A reserve list will also be up and running, if you have paid a deposit and genuinally cannot make it and a reserve person can take your place then I will return deposits, you can't say farer than that!!!

All requests for specific demos will be addressed on the day and hopefully I can include them.

Please show your interest in the forum if you wish to attend. Many thanks and hoping for a good day.

Steve

Booking List. I cap the day at 10 people, I don't believe you can offer a full hands on training course with numbers over this, unless you just run a demo based course.

Confirmed Places
1. snowz
2. Jay
3. 
4. 
5. 
6. 
7. 
8. 
9. 
10.

Reserve or no deposits received.
1. 
2.

Cheers looking forward to a great course.
:buffer:

Some pictures from August's course, a good day was had by all.
Claying the car.








A Very swirly bonnet.
















After a quick tickle of 3M Fast Cut on a Scholl Wool pad worked for about 2 minutes, then reloaded the pad then another 2 minutes.
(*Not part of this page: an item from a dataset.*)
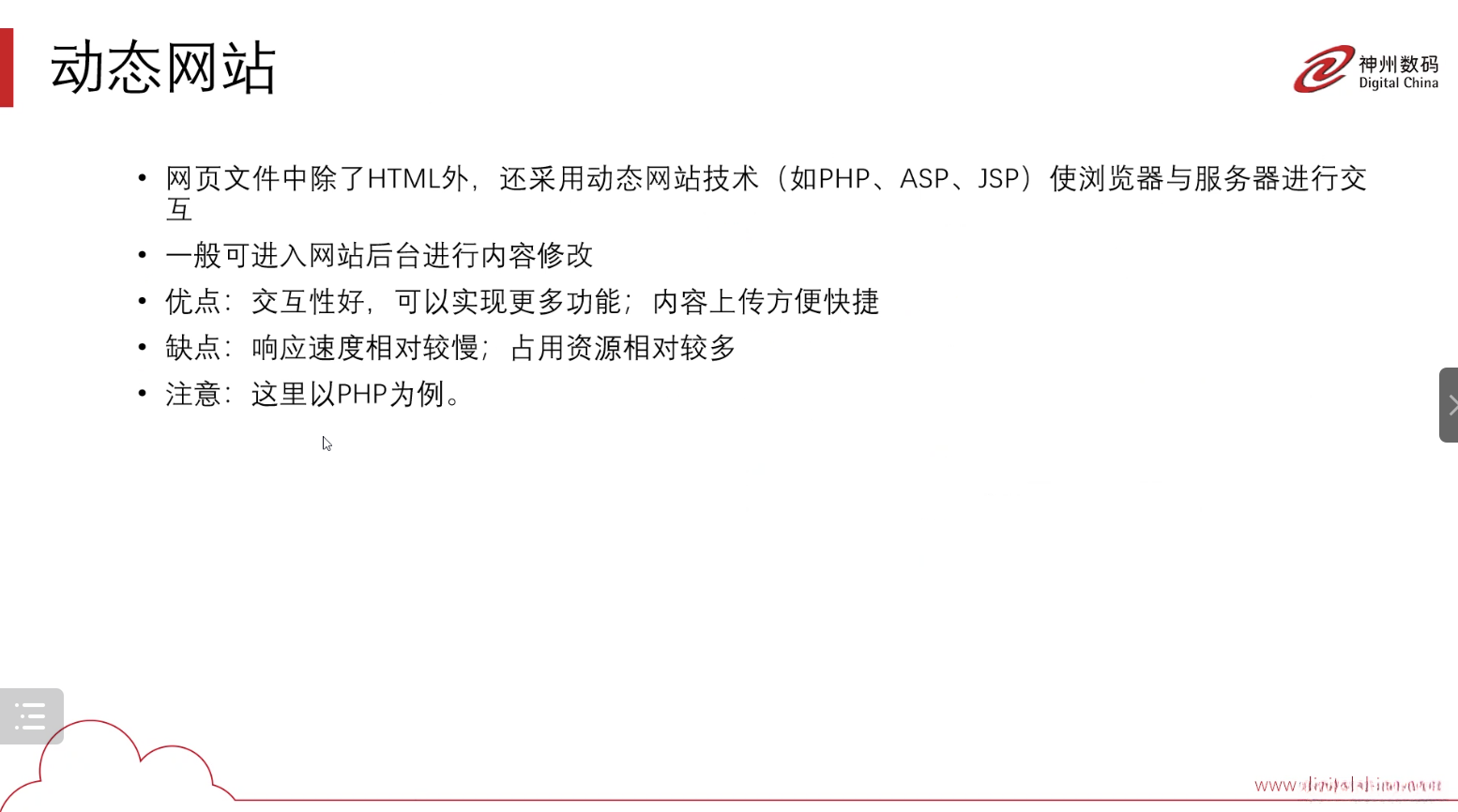 - 静态网站与动态网站的区别主要在于是否支持动态内容生成

There are slight wool pad marks but the polishing stage will see them off.








The concentration these guys have.
























The middle is the datum not polished bit, the left and right are after wool and Megs MF pads with Scholl S17.
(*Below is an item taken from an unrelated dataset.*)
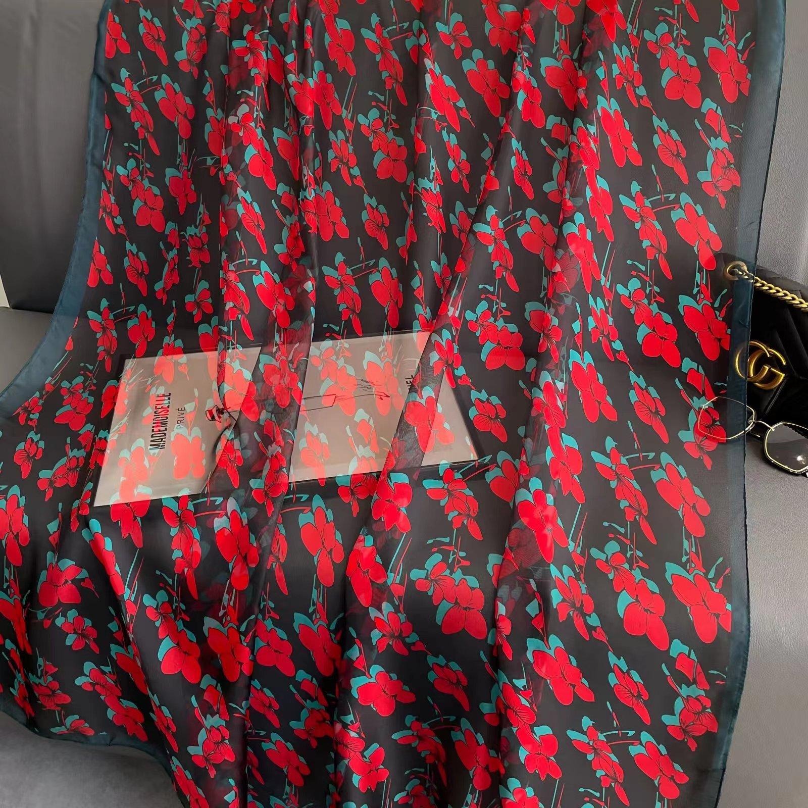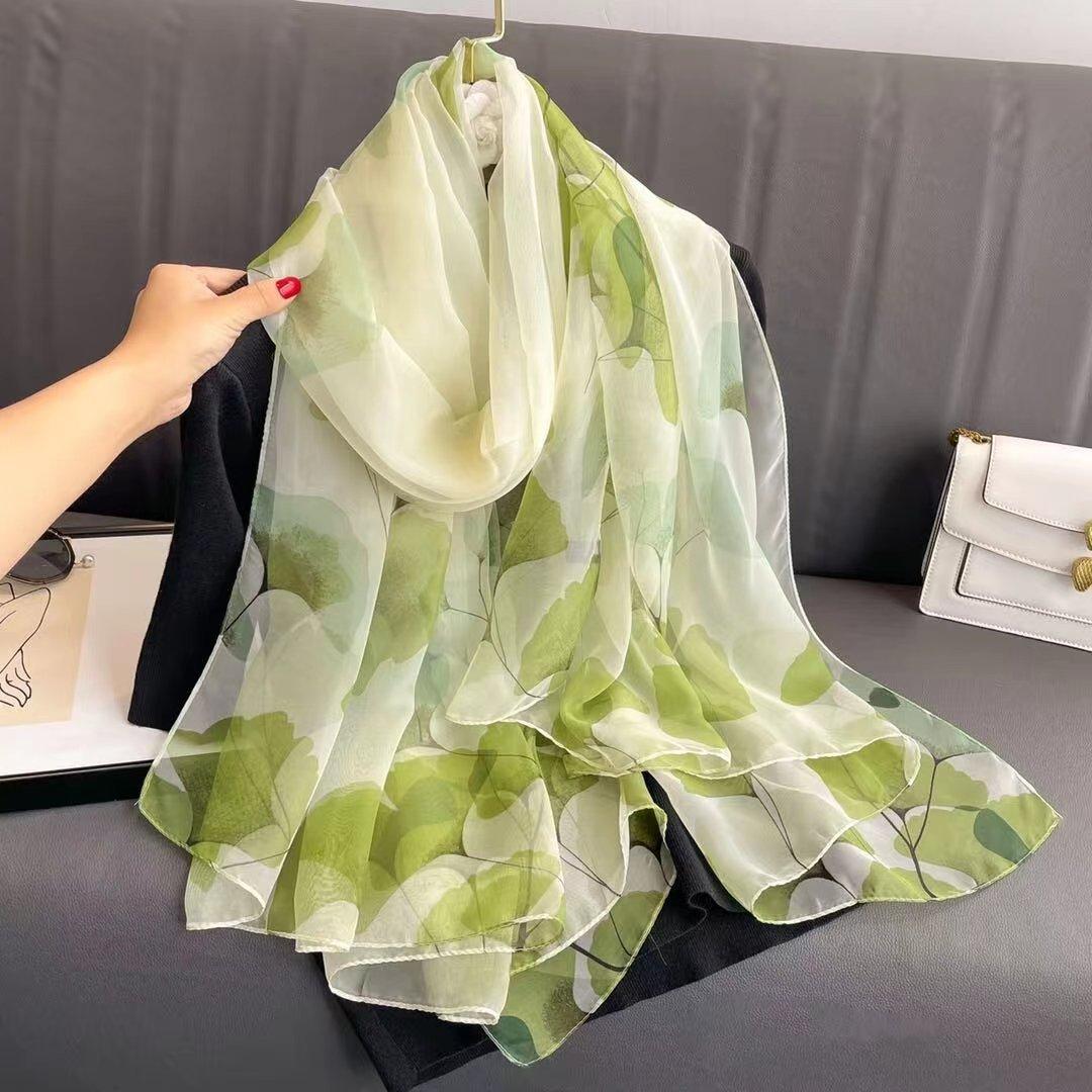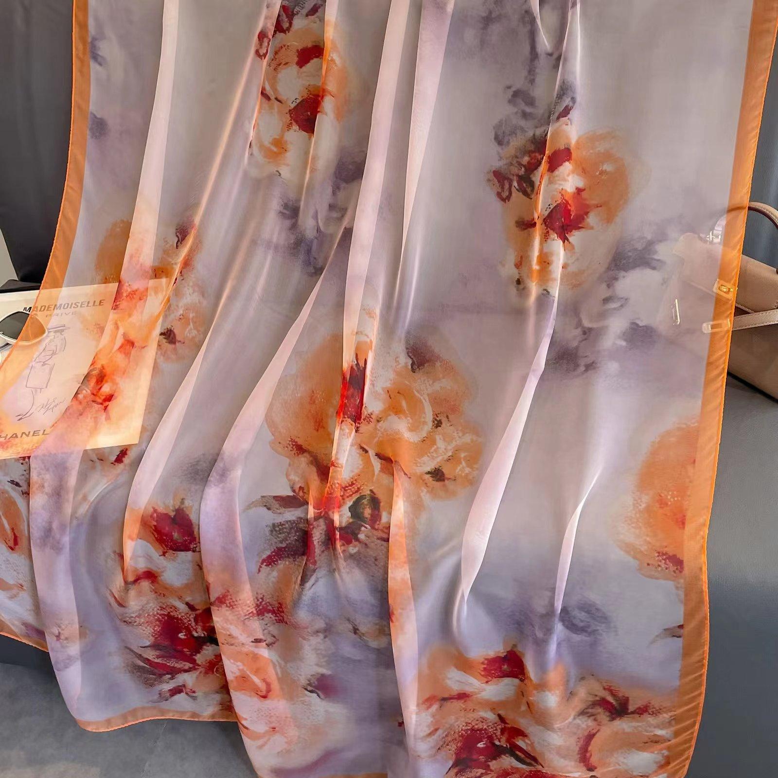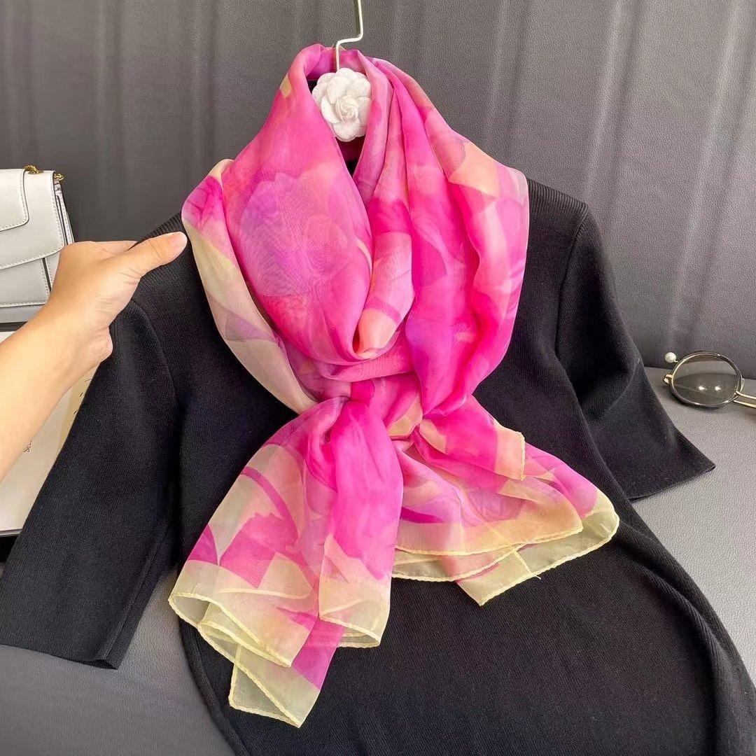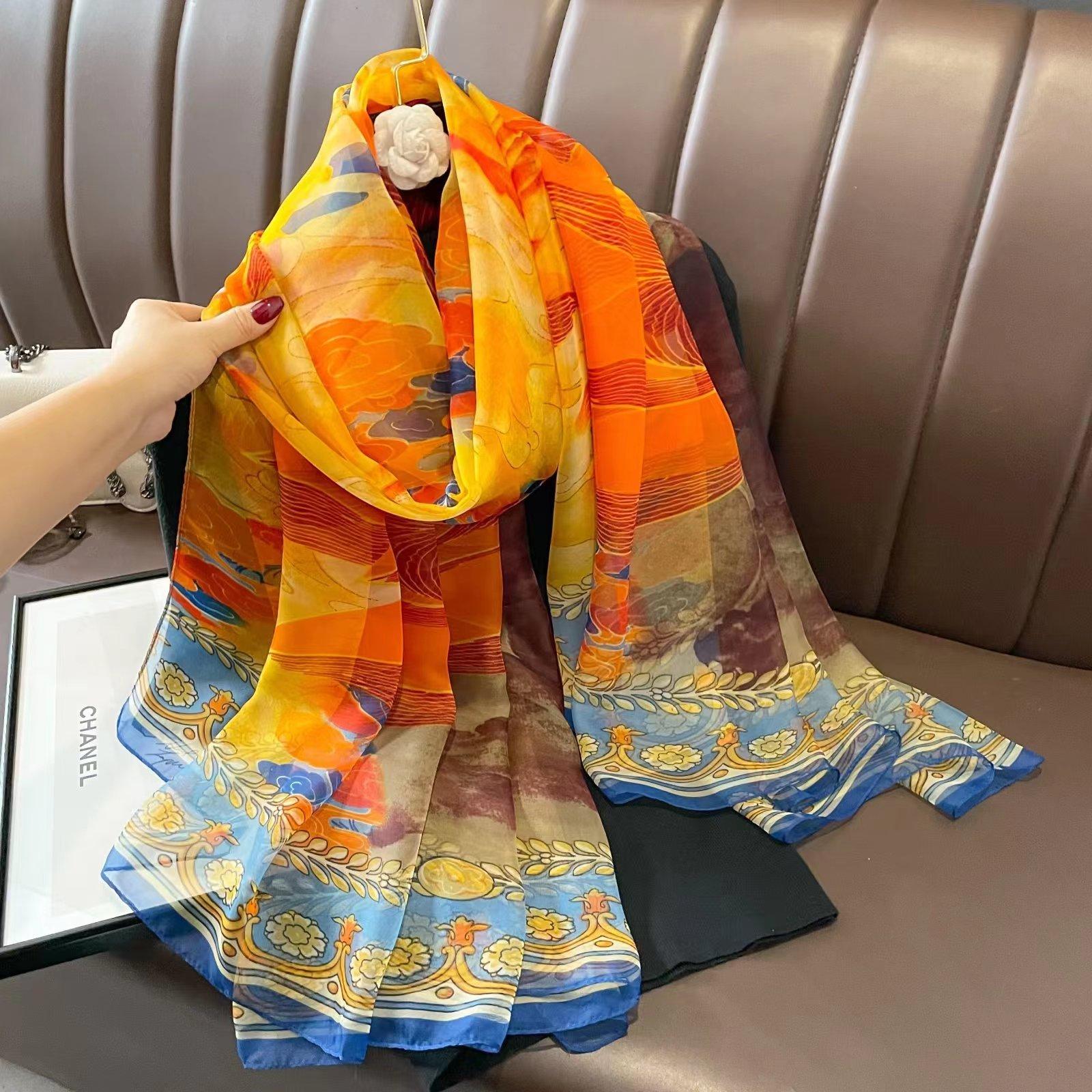 Elegante chal bufanda de estilo chino estampado estilo coreano primavera y otoño versátil bufanda de seda artificial bufanda de moda de lujo ligero para mujer

And some wet sanding, at last!!!!
























Not bad for a training day!!!


----------



## snowz (Nov 14, 2012)

Put me down please, maybe +1 will confirm tonight


----------



## Mirror Finish Details (Aug 21, 2008)

snowz said:


> Put me down please, maybe +1 will confirm tonight


Ok dude.


----------



## khurum6392 (Oct 11, 2012)

*course*

hi steve put my name down please thanks


----------



## Mirror Finish Details (Aug 21, 2008)

khurum6392 said:


> hi steve put my name down please thanks


Will do.


----------



## Suasexed (Oct 25, 2005)

What's the postcode where this is being held? May be interested if I can get there okay! Cheers.


----------



## Mirror Finish Details (Aug 21, 2008)

Suasexed said:


> What's the postcode where this is being held? May be interested if I can get there okay! Cheers.


Hi it's WA14 in Altrincham Cheshire.


----------



## Aps-direct (Nov 19, 2012)

Looks like it will be a fantastic day.


----------



## Elliot_C (Jun 22, 2012)

Where are you based? id love to do this.


----------



## Elliot_C (Jun 22, 2012)

oops sorry realised above


----------



## PhilDc2 (Dec 7, 2011)

Great course & good location. I would say if you are a beginner then this is for you, if you have a machine and have used it a few times and have good results i think a 1to1 would be better.
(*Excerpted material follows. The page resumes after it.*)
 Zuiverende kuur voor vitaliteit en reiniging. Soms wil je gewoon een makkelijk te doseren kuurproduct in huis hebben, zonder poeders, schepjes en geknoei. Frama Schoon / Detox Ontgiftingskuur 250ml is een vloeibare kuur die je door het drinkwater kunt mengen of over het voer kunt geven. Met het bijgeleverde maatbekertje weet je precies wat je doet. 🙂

Handy to see what products work well and get good advice on what products to buy.


----------



## Mirror Finish Details (Aug 21, 2008)

Plenty of spots left, but will run the course anyway as did not expect to fill up.


----------



## khurum6392 (Oct 11, 2012)

had a great session on saturday at shinearama thanks steve awsome detailing session


----------



## Imran (Sep 7, 2008)

Hi 

Are there any more plans for any more courses next year?


----------



## khurum6392 (Oct 11, 2012)

i had a great day at mirror finish detailing excellent tutorial by steve highly reccomended


----------



## snowz (Nov 14, 2012)

Yea i too had a great day.
It was put on and run very professionally but in a easy simple way to understand and learn from.
Big thanks to Steve for the hands on tutorial and Mike for the excellent premises and shop.
Also the bacon and black pudding and endless coffees went down well.

There are some pictures to be added soon hopefully

Cheers guys


----------



## Marcos999 (Aug 16, 2010)

I would be really interested if it wasn't so far away!


----------